## INFORMATION SHOWN
******
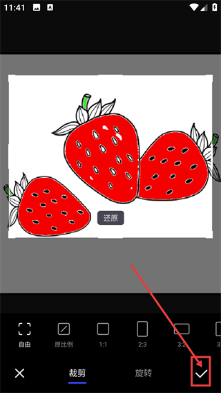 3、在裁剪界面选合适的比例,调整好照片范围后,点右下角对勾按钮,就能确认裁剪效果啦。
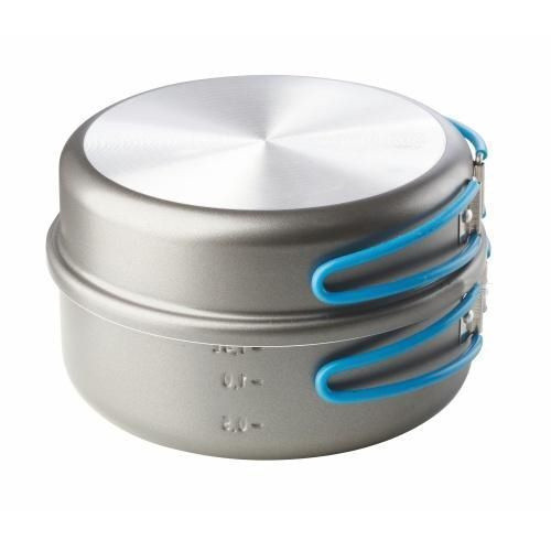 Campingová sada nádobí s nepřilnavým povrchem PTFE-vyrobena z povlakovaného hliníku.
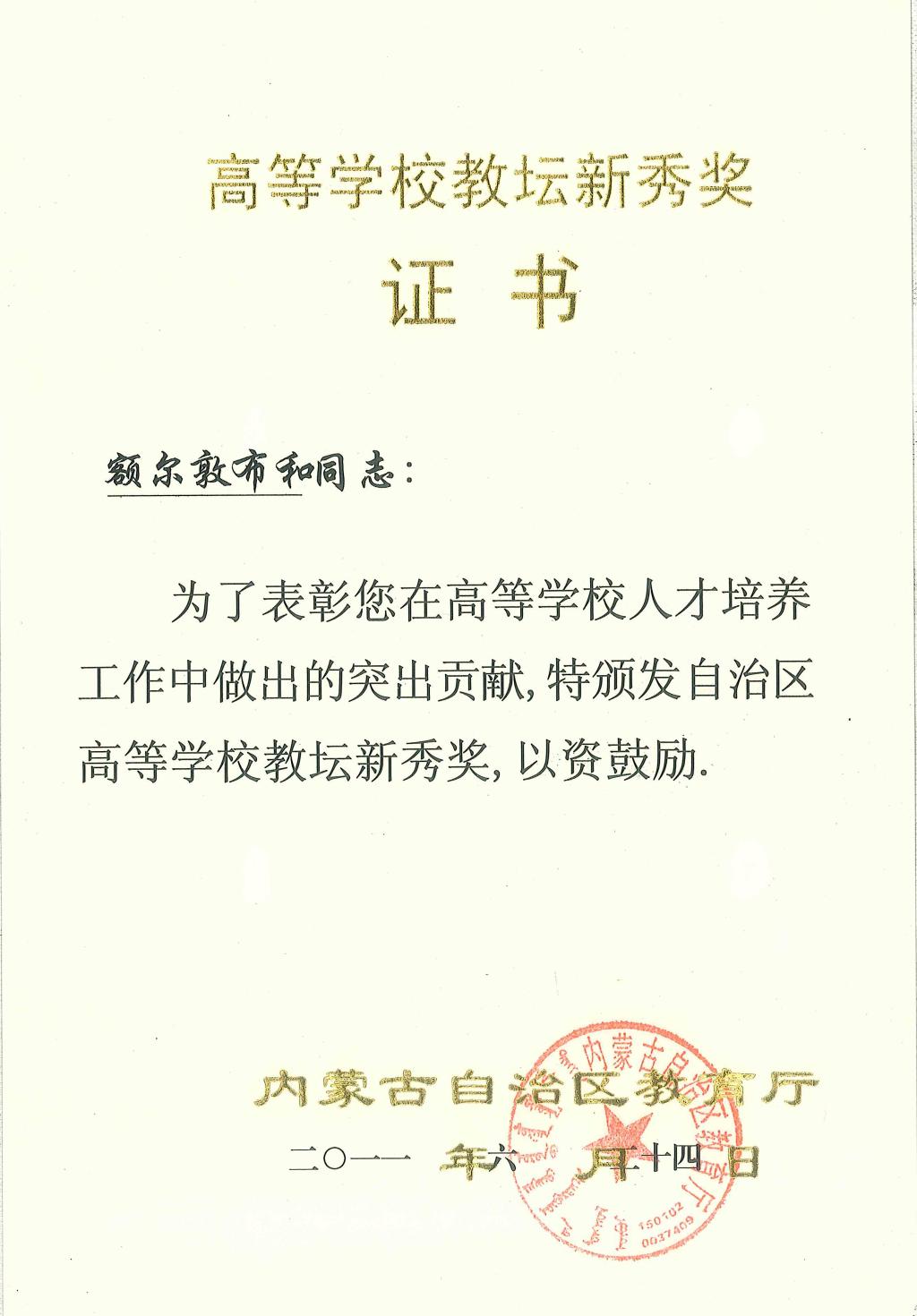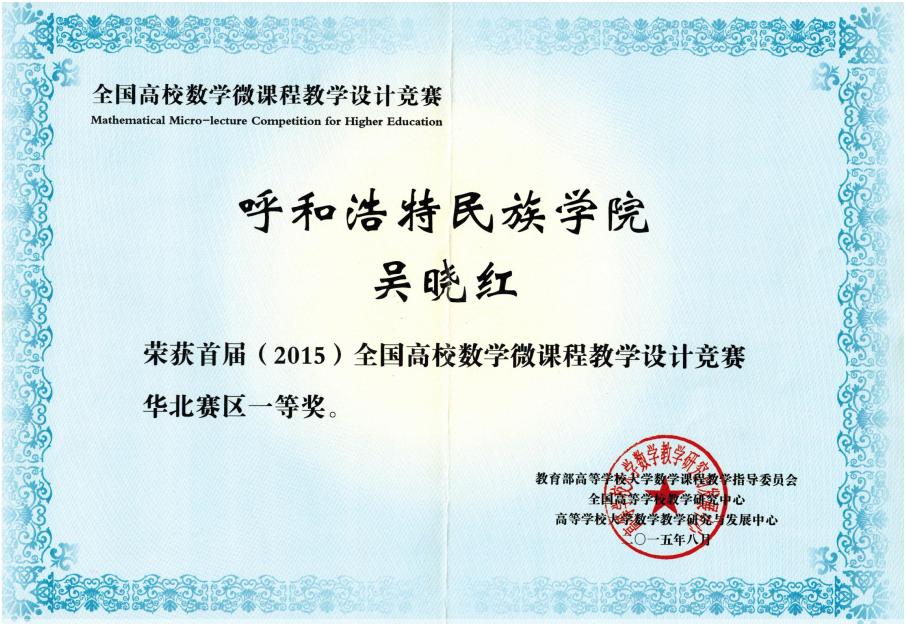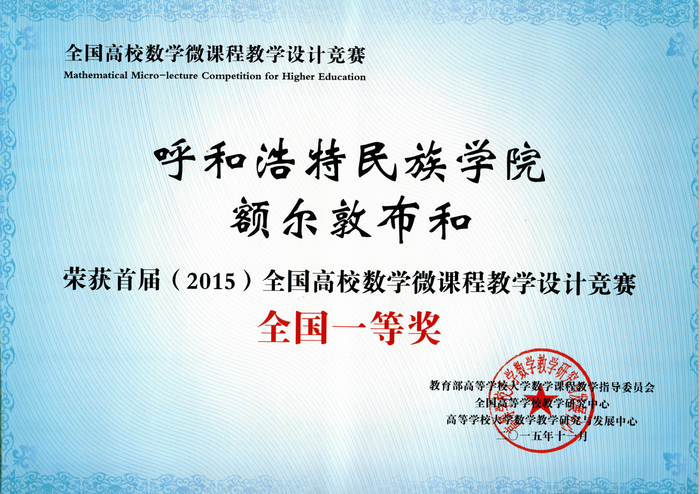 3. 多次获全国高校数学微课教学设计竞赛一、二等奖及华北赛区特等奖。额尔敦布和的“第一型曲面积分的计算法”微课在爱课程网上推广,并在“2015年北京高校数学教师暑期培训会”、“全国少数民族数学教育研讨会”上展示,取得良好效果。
******
Could you output the entire listing verbatim while omitting its pictures?

## RESULT
 3、在裁剪界面选合适的比例,调整好照片范围后,点右下角对勾按钮,就能确认裁剪效果啦。
 Campingová sada nádobí s nepřilnavým povrchem PTFE-vyrobena z povlakovaného hliníku.
 3. 多次获全国高校数学微课教学设计竞赛一、二等奖及华北赛区特等奖。额尔敦布和的“第一型曲面积分的计算法”微课在爱课程网上推广,并在“2015年北京高校数学教师暑期培训会”、“全国少数民族数学教育研讨会”上展示,取得良好效果。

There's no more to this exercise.